Harapannya, implementasi visi kedaulatan pangan di bawah wewenang TNI menjadi jauh lebih terintregrasi, sehingga mudah dikelola sedari hulu sampai hilir, dari produksi, distribusi, sampai pada urusan pengelolaan stok (
reserves management
).
Di bawah koordinasi dan arahan TNI, saya yakin berbagai macam “patologi” bisnis yang terjadi selama ini di dalam Bulog bisa segera diatasi.
Setidaknya, dalam logika yang paling sederhana, jika sudah masuk ke dalam ranah pertahanan dan keamanan negara, TNI sudah sangat terbukti jauh lebih berani mengorbankan darah dan nyawanya untuk Indonesia, ketimbang institusi lain, yang berusaha berlindung di balik urusan ketahanan pangan untuk mendapatkan keuntungan pribadi dan kelompok.

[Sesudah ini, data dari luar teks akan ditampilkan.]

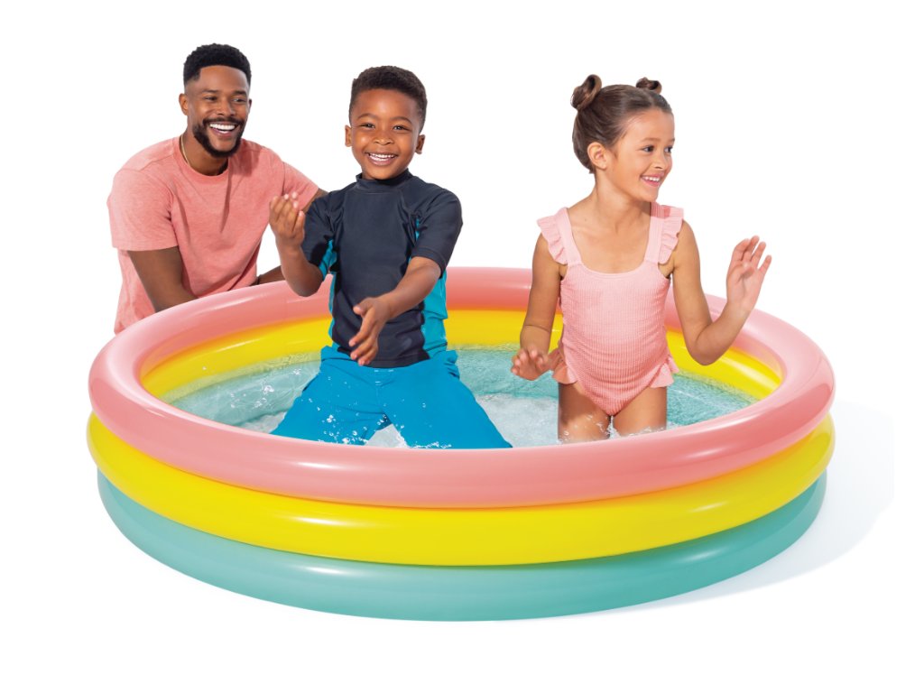 Nafukovací bazén pre deti od 2 rokov s mäkkým nafukovacím dnom. Stenu tvoria tri rôznofarebné kruhy.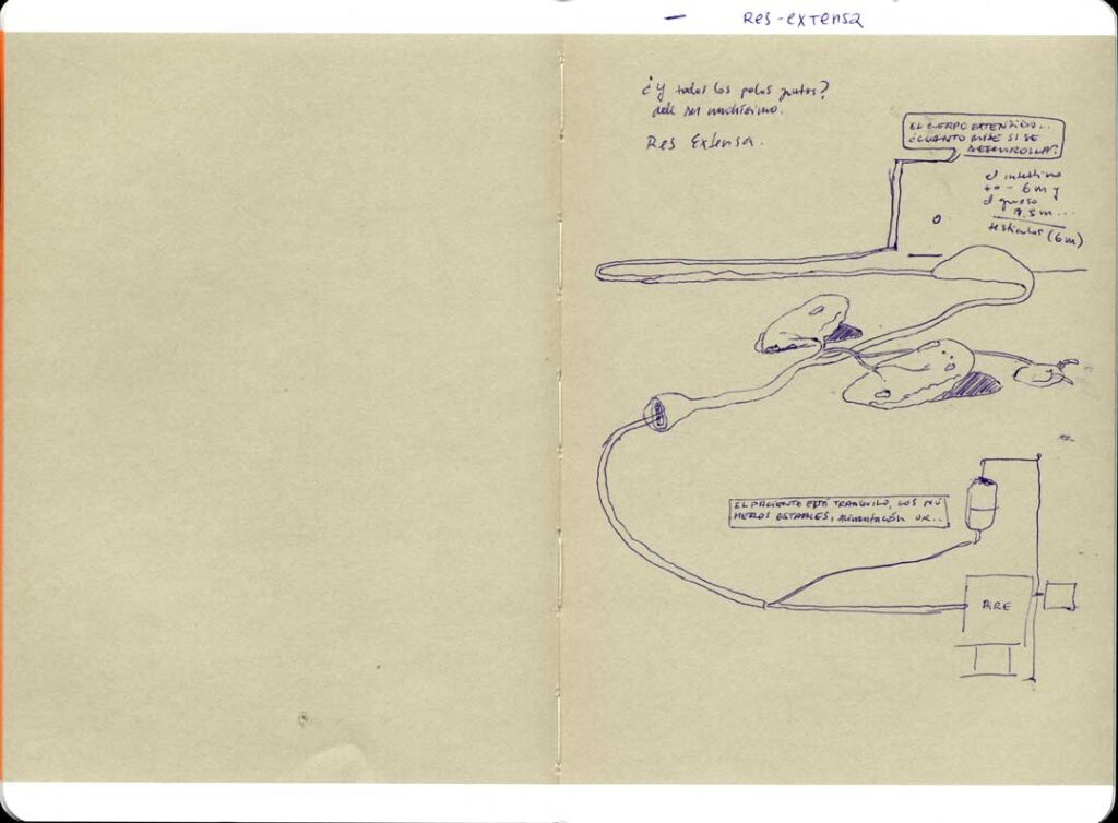 En este bloc de notas, Cea registra ideas, esquemas y conexiones: fragmentos de historia, mapas imposibles, apuntes anatómicos y reflexiones en torno a la vida y a la muerte.

Dengan kata lain, ketimbang mengarahkan wacana Bulog disubordinasi di bawah Kementerian Pertanian melalui Badan Pangan Nasional, lebih baik Bulog berada di bawah koordinasi dan arahan TNI, yang sudah terlebih dahulu diberi wewenang penuh dalam urusan kedaulatan pangan.
Saya cukup yakin, TNI tidak akan sembarang dalam menjalankannya, karena taruhannya adalah reputasi yang sudah sangat baik selama ini di mata publik.
Reputasi tersebut bisa seketika hancur hanya karena satu praktik buruk yang ditemukan publik di kemudian hari.
Simpulan yang ingin saya sampaikan di sisi adalah bahwa pertama, jika memang urusan ketahanan pangan kita adalah urusan kedaulatan pangan, maka mau tidak mau Kementerian Pertahanan harus segera menurunkannya kepada institusi TNI, sebagai penjaga gawang utama kedaulatan nasional Indonesia.
Kedua, urusan peningkatan produksi pangan nasional tak melulu urusan ekstensifikasi lahan, di mana lahan yang sangat luas harus disediakan secara tersendiri untuk memproduksinya.
Model kemitraan dengan petani bisa dilakukan di satu sisi dan peningkatan produktifitas lahan dengan menggunakan teknologi di sisi lain.
Ketiga, karena masalah pangan kita sangat terkait dengan urusan musim dan momen, sehingga membutuhkan pengelolaan cadangan secara baik, maka TNI juga semestinya diberikan wewenang di ranah itu.
Artinya, urusan pengelolaan cadangan pangan yang diurus oleh Bulog harus juga berada di bawah koordinasi TNI.
Bulog semestinya berada di bawah institusi TNI, dalam konteks wewenang TNI dalam mewujudkan urusan kedaulatan pangan. Sehingga urusan peningkatan produksi, distribusi, dan pengelolaan cadangan berada di bawah satu atap yang terintegrasi.
Keempat, sebagaimana cerita saya di atas tentang sepak terjang Korem 162 Wira Bhakti NTB, proyek percontohan diperlukan untuk membuktikan konsep kedaulatan pangan berbasiskan kemitraan dan teknologi baru ini.
Untuk itu, NTB dan Korem 162 Wira Bhakti, dalam hemat saya, layak dijadikan
pilot project
untuk wilayah Indonesia Timur.
Saya meyakini, waktu setahun cukup untuk Korem 162 Wira Bhakti untuk membuktikan model yang telah mereka rumuskan tersebut.